The oncology startup was founded in 2010 by a trio of veterans who had worked together at MGI Pharma and then Abraxis: CEO Lonnie Moulder, who helmed MGI through its $3.9 billion sale to Eisai, Chief Scientific Officer Mary Lynne Hedley, Ph.D., and financial chief Rick Rodgers.
“We were at Abraxis, and it was obvious that the strategy was changing from what we set out to do," Moulder told FierceBiotech in 2011. "So, we decided, 'Why not start a biotech company from scratch with people that are like-minded with regard to vision, strategy and culture-building, and leverage our experience base and network in oncology.”
Named for “tesouro,” the Galician word for treasure, Tesaro set out to unearth buried treasures and pursue “things that other companies wouldn’t do or couldn’t do,” Hedley said. Unlike the usual model that sees biotech sprout from lab discoveries, Tesaro’s strength lay in its ability to sift through the proliferation of cancer drug prospects and choose a winner. And investors believed in this promise, if Tesaro’s $101 million series B raise was any indication.
The company licensed rolapitant, a neurokinin-1 receptor antagonist to treat nausea in cancer patients, from OPKO Health in 2011. It had been offloaded by Schering-Plough two years before, when it merged with Merck. After facing a phase 3 setback in 2013, it would become Varubi, Tesaro’s first approved drug, in 2015, facing off against Merck’s Emend, the only other NK1 blocker on the market for chemo-induced vomiting.
Though the company would eventually sell off Varubi, it was a steppingstone to the jewel in Tesaro’s crown: niraparib, a PARP inhibitor licensed from Merck in 2012.
Tesaro planned to go public in the second half of 2013, Moulder told FierceBiotech in 2011, but the company ended up doing so a year early. Just three weeks after snagging niraparib, the company raised $81 million in its IPO, pricing 6 million shares in the middle of its $12 to $15 range.
Niraparib sped through FDA review and was approved in March 2017, months ahead of schedule. It was the third PARP inhibitor to hit the market. Now known as Zejula, the drug scored a broader approval than AstraZeneca’s Lynparza—it was OK’d as a second-line treatment for all women with recurrent ovarian, fallopian tube or peritoneal cancer who have previously undergone platinum chemotherapy, not just those who test positive for the BRCA mutation.
With its broad label, Zejula stood to shake up the PARP inhibitor landscape that had been dominated by Lynparza and Clovis Oncology’s Rubraca. And it did—a few months after launch, the drug jumped to the top of the field, holding 60% of market share.
It hasn’t all been smooth sailing for Tesaro, however. Manufacturing issues held up the intravenous version of Varubi in early 2017. And even though it eventually got past the FDA, Tesaro had to update the safety warning for Varubi the next year after some patients experienced anaphylaxis and anaphylactic shock soon after receiving the injected version of the drug.

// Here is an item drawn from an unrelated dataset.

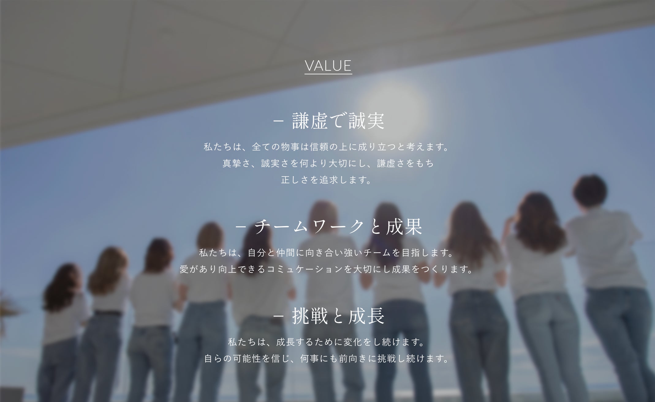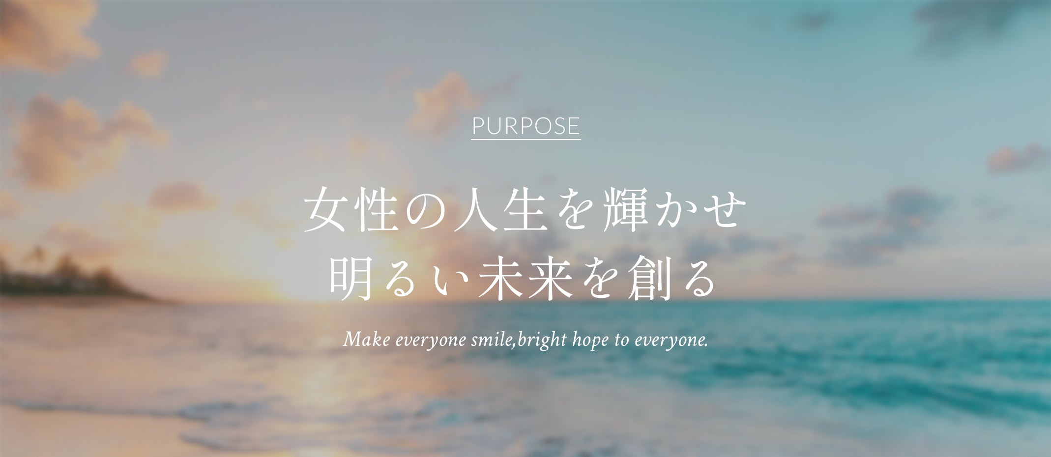 MahaloのPURPOSEは「女性の人生を輝かせ明るい未来を創る」、MISSIONは「人々の人生にときめきとイロドリを届ける」VISIONは「人生にトキメキとイロドリを」そしてVALUEは「Reliance & Sincere」、「Team & Success」、「Growth & Challenge」となっています。

Halfway through 2017, Tesaro put itself up for sale, according to sources quoted by The Wall Street Journal. Though it requested offers from a number of potential bidders, those would-be acquirers weren’t exactly falling over themselves to secure a deal.
As Zejula neared approval in 2017, Tesaro’s stock peaked at $190, making it a very expensive prospect. A year after its initial meetings, Tesaro’s stock had nosedived to around $60 a share, and the company expected to take a sales hit after selling Varubi to TerSera Therapeutics for $40 million upfront.

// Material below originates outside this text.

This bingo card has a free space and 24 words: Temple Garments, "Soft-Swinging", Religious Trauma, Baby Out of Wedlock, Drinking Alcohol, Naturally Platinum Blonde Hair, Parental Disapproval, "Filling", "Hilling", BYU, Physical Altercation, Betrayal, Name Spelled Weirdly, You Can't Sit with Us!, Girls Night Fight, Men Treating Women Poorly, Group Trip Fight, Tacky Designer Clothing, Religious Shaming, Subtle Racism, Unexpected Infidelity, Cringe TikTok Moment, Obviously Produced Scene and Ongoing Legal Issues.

The company continued to entertain suitors, eventually tying the knot with GlaxoSmithKline, which agreed to buy Tesaro for $5.1 billion, or $75 a share—a 62% premium on Tesaro’s $46 closing price the previous day. In the deal, Glaxo picked up three clinical-stage cancer drugs, as well as Zejula and an oncology sales force.

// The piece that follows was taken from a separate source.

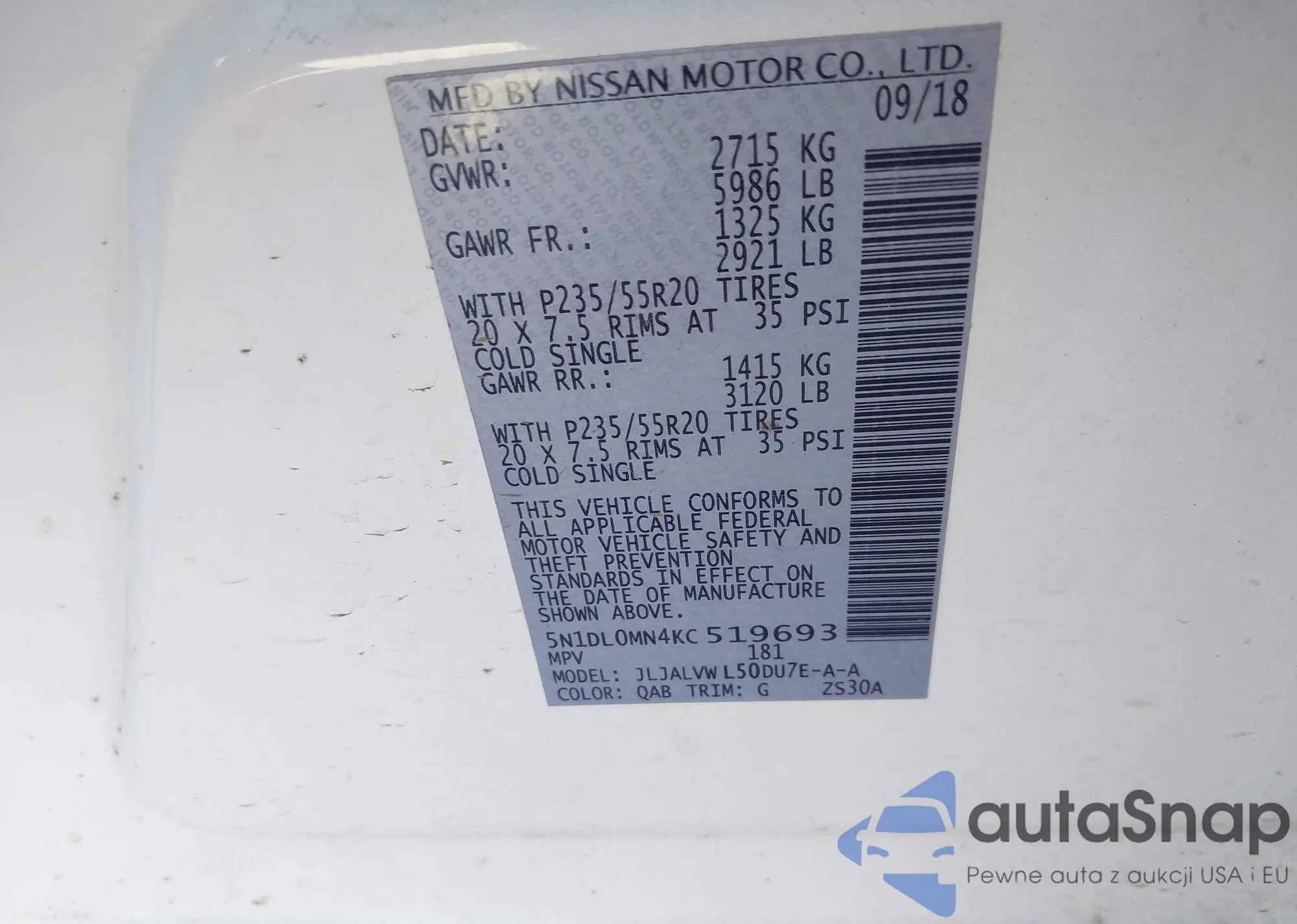 • VIN 5N1DL0MM7JC509150

GSK recently scored an FDA priority review for the drug in late-stage ovarian cancer, a niche where its rivals don’t have approvals. And in July, the drug turned up positive data in the first-line maintenance setting for ovarian cancer, beating placebo at keeping cancer at bay in patients who responded to one round of platinum-based chemo, regardless of their BRCA status.
Tesaro weathered its share of ups and downs, but given the promise of Zejula and its successful folding into GSK, we are chalking its IPO story up as a winner.